DATA SEGMENT
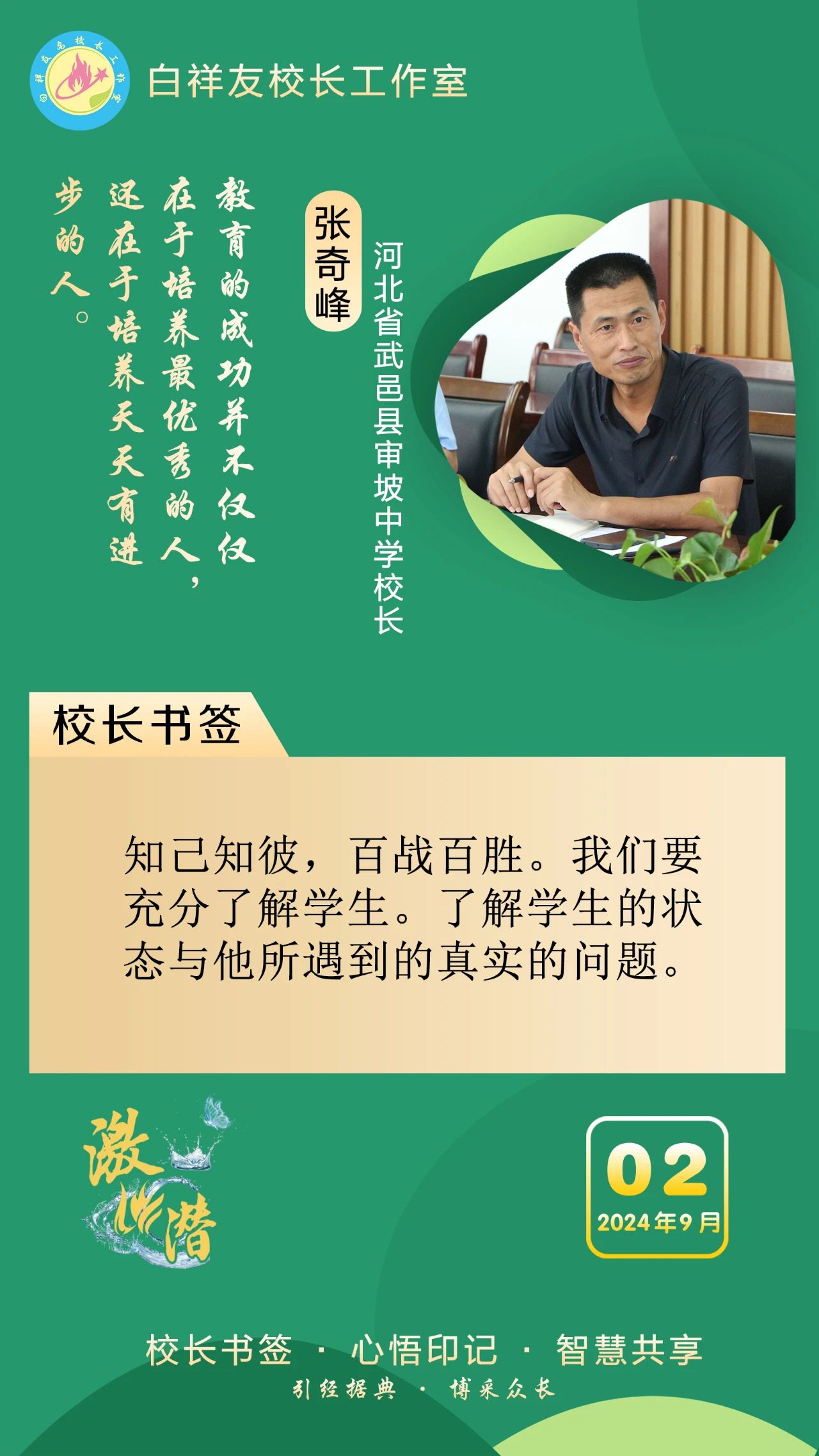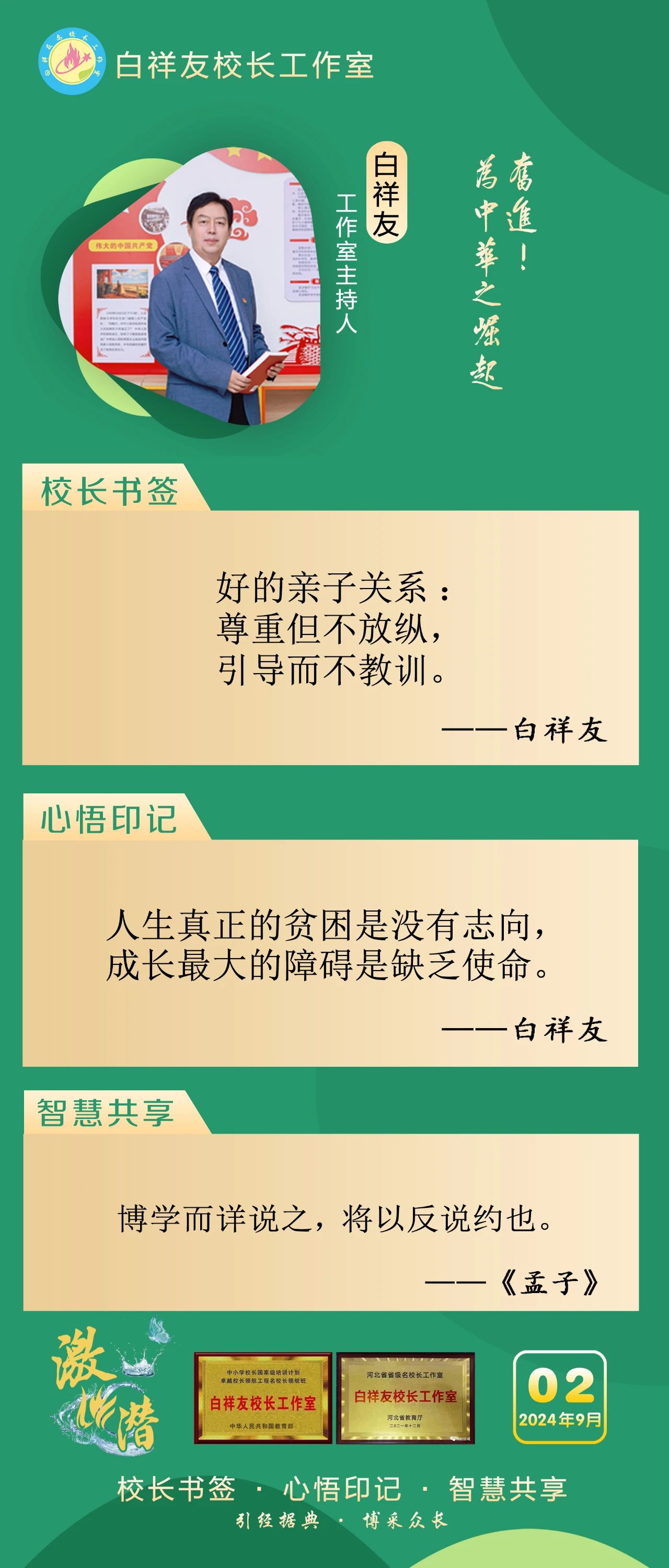“白祥友校长工作室”成立于2019年4月,是教育部“国培计划”中小学名校长领航工程、河北省首批名校长工作室,目前省内外成员校24个。工作室坚持“资源共享、智慧共融、互助共赢”理念,已成为思想碰撞的交流场,资源共享的品牌站,成果展示的辐射源。
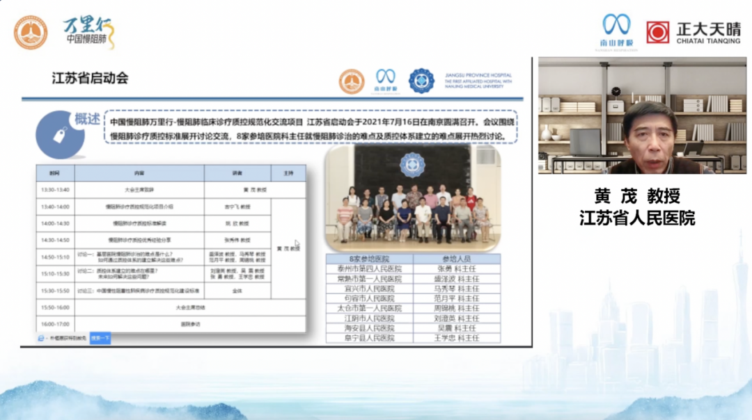 江苏省人民医院呼吸与危重症医学科主任、中华医学会呼吸病学分会委员、哮喘学组委员、江苏省医学会呼吸病学分会主任委员、慢阻肺组长、江苏省中西结合分会呼吸专业委员会主任委员黄茂教授与大家分享了江苏省慢阻肺质控规范化工作。
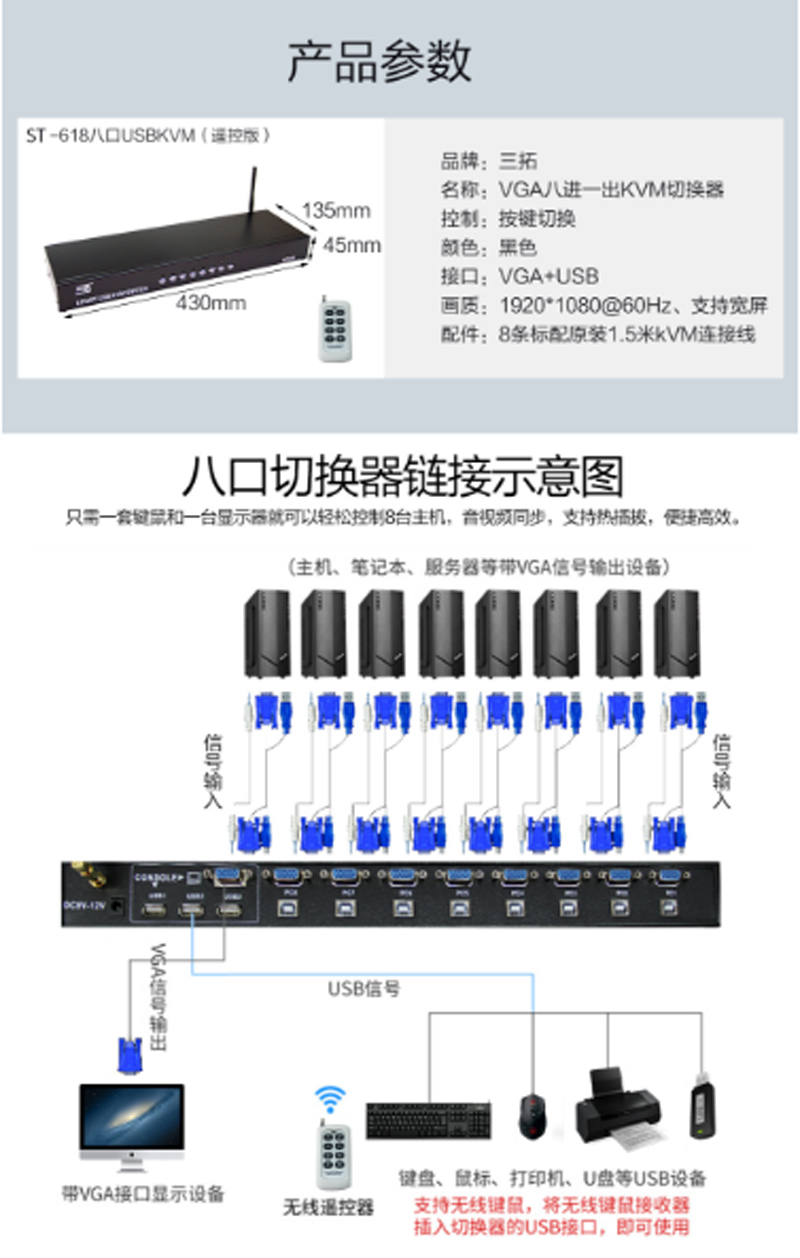 商品名称:☆三拓 ST-618 KVM切换器 8口 八进一出 遥控

PROBLEM TO WORK ON
The answer is every line of the data, exactly as written, with the pictures dropped.

RESPONSE TO THIS EXERCISE
“白祥友校长工作室”成立于2019年4月,是教育部“国培计划”中小学名校长领航工程、河北省首批名校长工作室,目前省内外成员校24个。工作室坚持“资源共享、智慧共融、互助共赢”理念,已成为思想碰撞的交流场,资源共享的品牌站,成果展示的辐射源。
 江苏省人民医院呼吸与危重症医学科主任、中华医学会呼吸病学分会委员、哮喘学组委员、江苏省医学会呼吸病学分会主任委员、慢阻肺组长、江苏省中西结合分会呼吸专业委员会主任委员黄茂教授与大家分享了江苏省慢阻肺质控规范化工作。
 商品名称:☆三拓 ST-618 KVM切换器 8口 八进一出 遥控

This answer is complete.